== Segment start ==

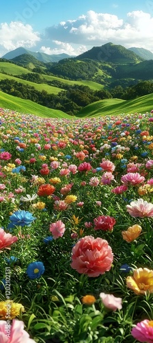 Vibrant flower blooming event in rolling hills nature scene bright day panoramic view spring beauty
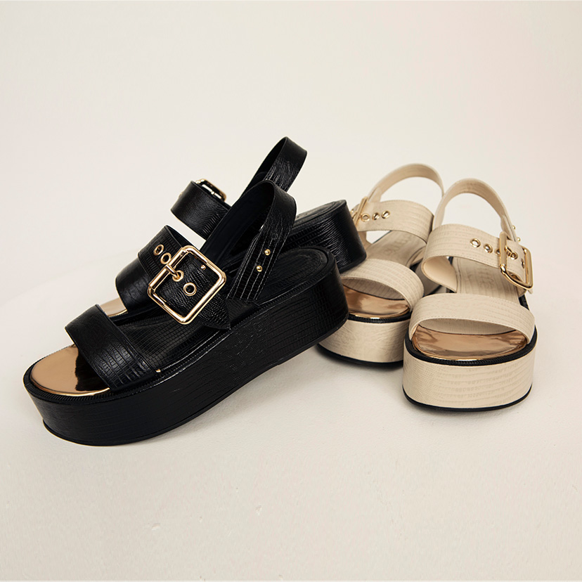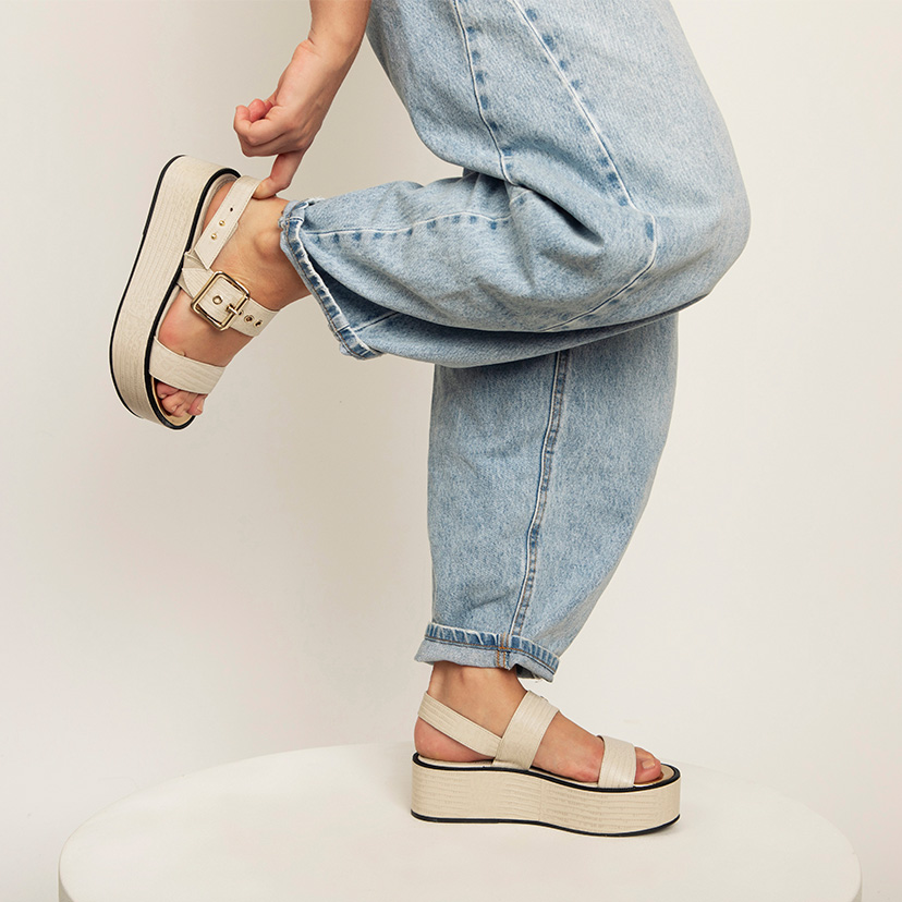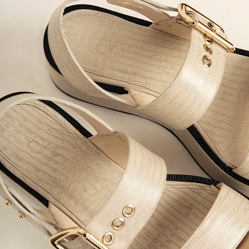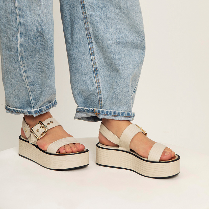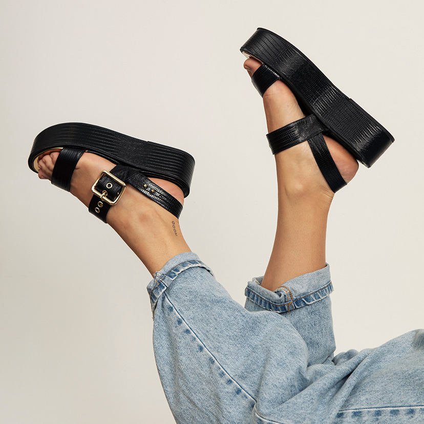 A plataforma envolve o pé em linhas contínuas; a fivela define o desenho com clareza.
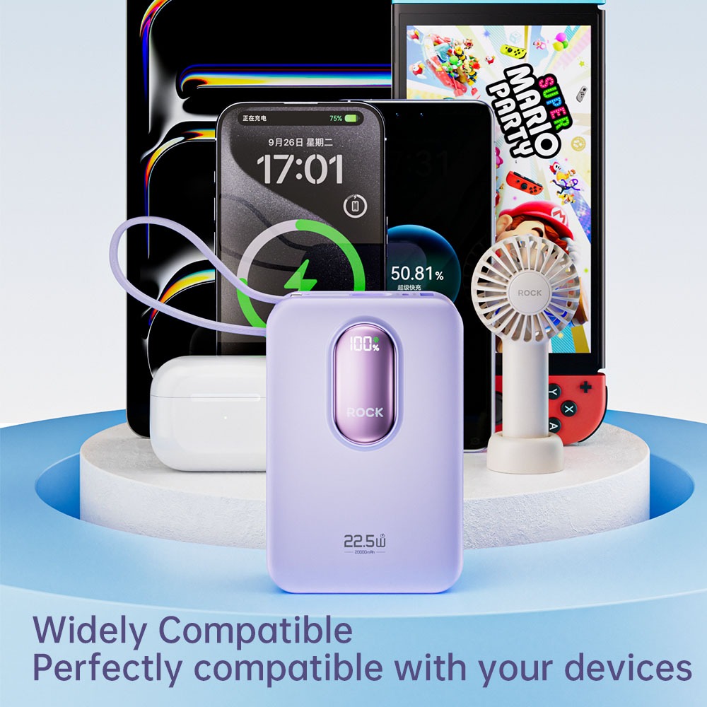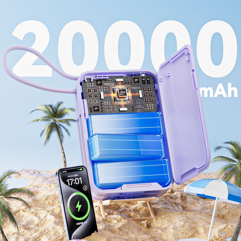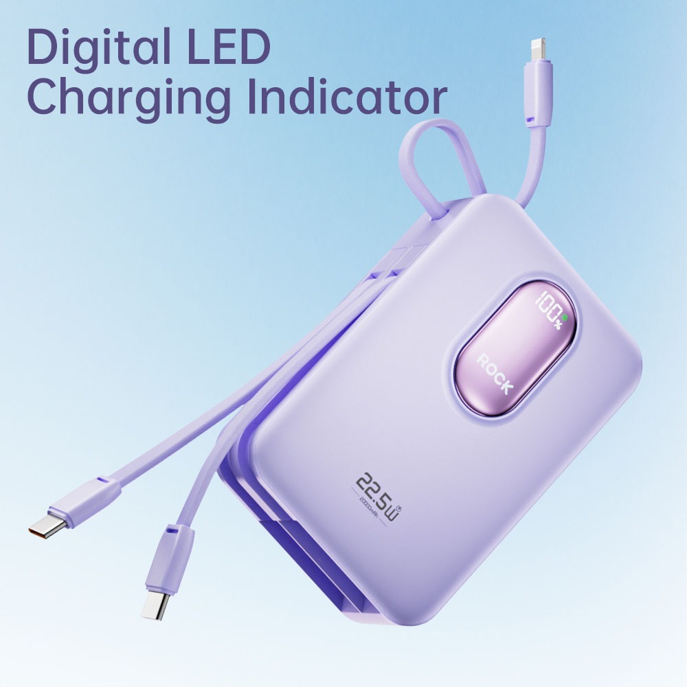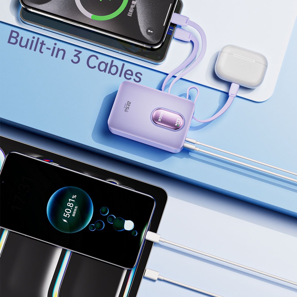 Rock Space Y19 Mini Series Power Bank Built-in 3 Cables 20000mAh 22.5W Fast Charging Powerbank
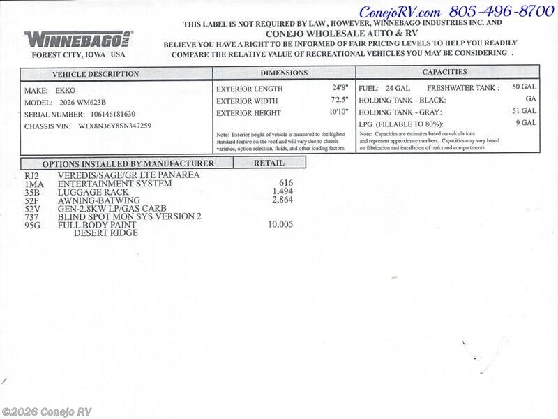 Request More Info on this 2026 Winnebago Ekko 23B Offered for sale by Conejo RV

== Segment end ==

**DIRECTIONS**. Please return exactly the lines from the one containing "A plataforma envolve" through the end of the material above, both ends included, but not the pictures.

**RESPONSE AREA**.
 A plataforma envolve o pé em linhas contínuas; a fivela define o desenho com clareza.
 Rock Space Y19 Mini Series Power Bank Built-in 3 Cables 20000mAh 22.5W Fast Charging Powerbank
 Request More Info on this 2026 Winnebago Ekko 23B Offered for sale by Conejo RV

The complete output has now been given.